**WHAT TO DO**: Omit pictures and quote the listing below line by line, from its start through the line that holds "Herbruikbare vacuümvrije compressie-opslagzakken".

**EXERCISE DATA**:
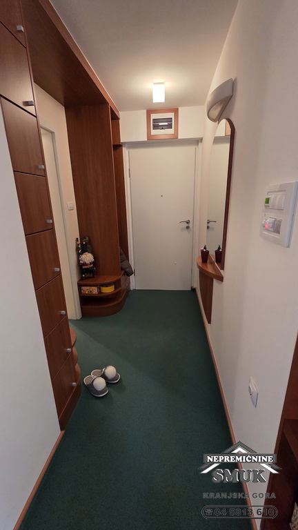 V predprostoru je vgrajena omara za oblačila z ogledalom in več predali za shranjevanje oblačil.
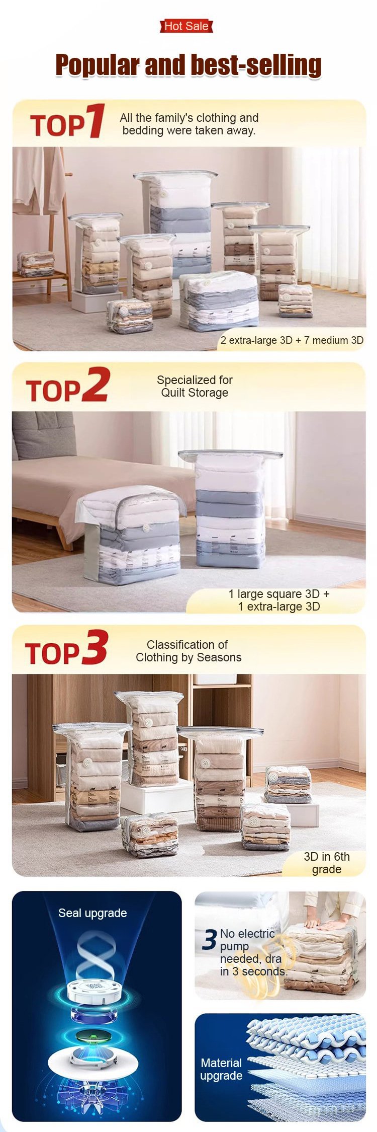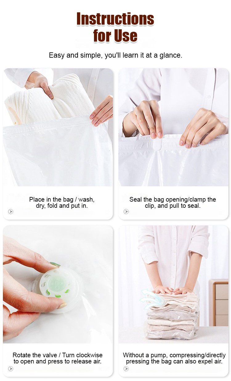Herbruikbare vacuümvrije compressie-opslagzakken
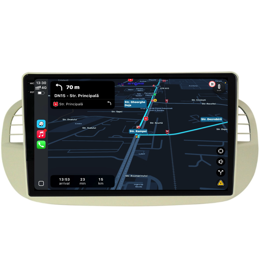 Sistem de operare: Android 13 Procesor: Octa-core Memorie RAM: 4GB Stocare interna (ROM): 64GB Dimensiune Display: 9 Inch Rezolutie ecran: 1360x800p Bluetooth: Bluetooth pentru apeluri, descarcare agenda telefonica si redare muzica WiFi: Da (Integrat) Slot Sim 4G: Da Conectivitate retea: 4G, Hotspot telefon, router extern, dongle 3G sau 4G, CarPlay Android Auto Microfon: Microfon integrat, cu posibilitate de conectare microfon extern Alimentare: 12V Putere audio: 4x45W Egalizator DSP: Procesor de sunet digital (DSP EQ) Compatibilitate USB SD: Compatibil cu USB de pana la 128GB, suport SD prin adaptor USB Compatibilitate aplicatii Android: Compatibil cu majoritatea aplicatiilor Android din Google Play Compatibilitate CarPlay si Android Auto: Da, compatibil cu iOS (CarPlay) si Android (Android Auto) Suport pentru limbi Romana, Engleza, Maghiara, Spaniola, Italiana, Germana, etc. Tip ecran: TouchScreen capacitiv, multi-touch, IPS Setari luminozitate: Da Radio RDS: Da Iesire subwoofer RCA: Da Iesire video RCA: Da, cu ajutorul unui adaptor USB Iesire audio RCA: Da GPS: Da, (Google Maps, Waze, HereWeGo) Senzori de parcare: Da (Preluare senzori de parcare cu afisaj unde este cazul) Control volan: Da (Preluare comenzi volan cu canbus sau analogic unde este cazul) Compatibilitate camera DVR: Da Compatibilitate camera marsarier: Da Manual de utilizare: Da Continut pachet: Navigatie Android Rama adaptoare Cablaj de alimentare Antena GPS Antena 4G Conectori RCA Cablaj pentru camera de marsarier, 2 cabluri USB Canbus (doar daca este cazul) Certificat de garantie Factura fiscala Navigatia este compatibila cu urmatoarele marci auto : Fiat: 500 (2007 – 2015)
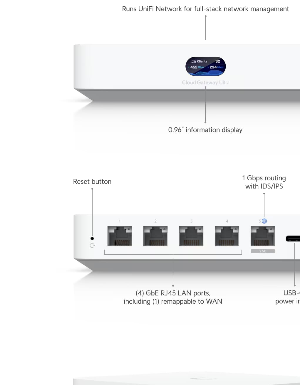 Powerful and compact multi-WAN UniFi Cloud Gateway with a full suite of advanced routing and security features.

**RESULT FOR THIS TASK**:
 V predprostoru je vgrajena omara za oblačila z ogledalom in več predali za shranjevanje oblačil.
Herbruikbare vacuümvrije compressie-opslagzakken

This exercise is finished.